Mencicipinya adalah tentang rasa gurih dengan manis yang samar. Cocok bagi lidah banyak orang.
Tentu, tidak lupa kamu kepadanya akan mengecrutkan --menambahkan-- kecap manis. Begitu banyak kecap sehingga nasi goreng menjadi berwarna hitam dengan rasa manis banget.
Ya, sudah. Kecuali pada awal-awal saja aku protes, kemudian aku tidak lagi berbuat demikian. Menerima bahwa kamu dan aku berbeda selera, namun bersepakat: kita adalah satu yang tak terpisahkan.
Dari semua, aku paling ingat kejadian terakhir. Peristiwa di mana sang penjual bergegas ke warung kelontong demi memenuhi permintaanmu.
Kamu meminta sesuatu yang barangkali tidak tersedia di warung Padang. Kecap manis!
Tahu dong, bagaimana cita rasa masakan Padang? Aku adalah penggemar beratnya. Gurih, pedas, bersantan yang semua membuat seleraku bangun.
Tidak mengherankan, saat menyantap gulai kepala kakap aku bisa menambah nasi putih kering tanpa kuah, kecuali lado ijo alias sambal cabai hijau, sampai dua kali.Â
Kalau tidak ingat umur, tambahan satu nasi lagi akan aku teriakkan kepada penjual, "Uda, tambuah nasi ciek! --abang/mas/kakak, tambah nasi satu!"
Nasi juga terasa kurang ketika menyantap dendeng batokok. Ah, sambalnya luar biasa. Aku mengecap rasa kelapa yang kuat. Minyak kletik. Entah bagaimana cara mengolahnya, yang pasti rasanya enak tiada bandingnya.

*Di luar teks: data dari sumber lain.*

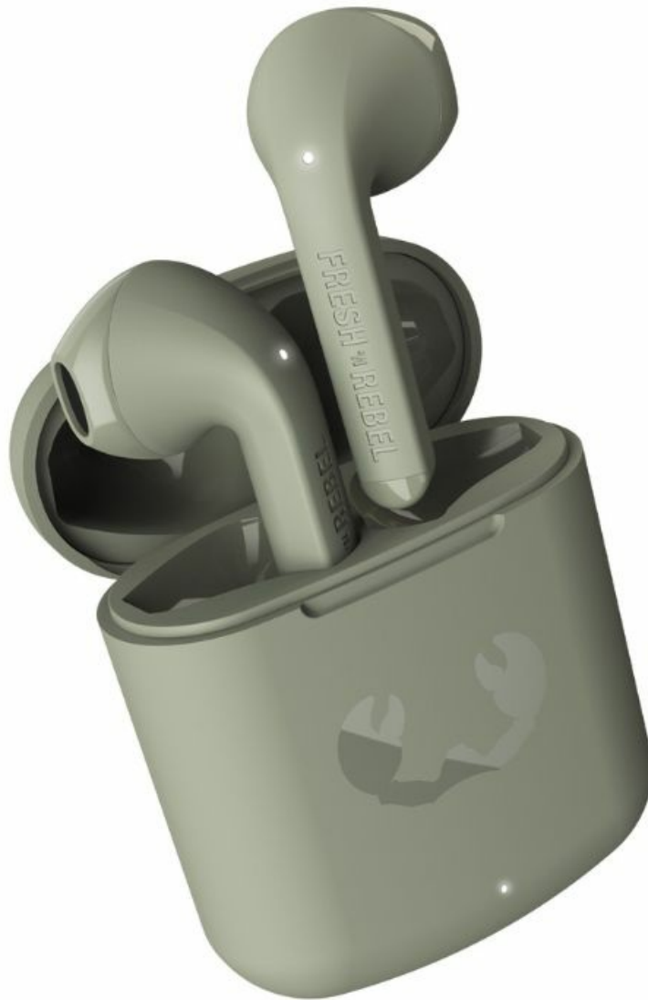
Image: A light grey charging case for the earbuds, shown from multiple angles, highlighting its compact design and charging port.

Seperti biasa, aku tahu persis, kamu akan menyiramkan kecap ke atas nasi Padang, apa pun lauknya.
Kamu tidak pernah peduli bagaimana pegawai rumah makan Padang melihatmu dengan takjub. Atau pengunjung memandang dengan ganjil memerhatikan caramu menikmati nasi Padang.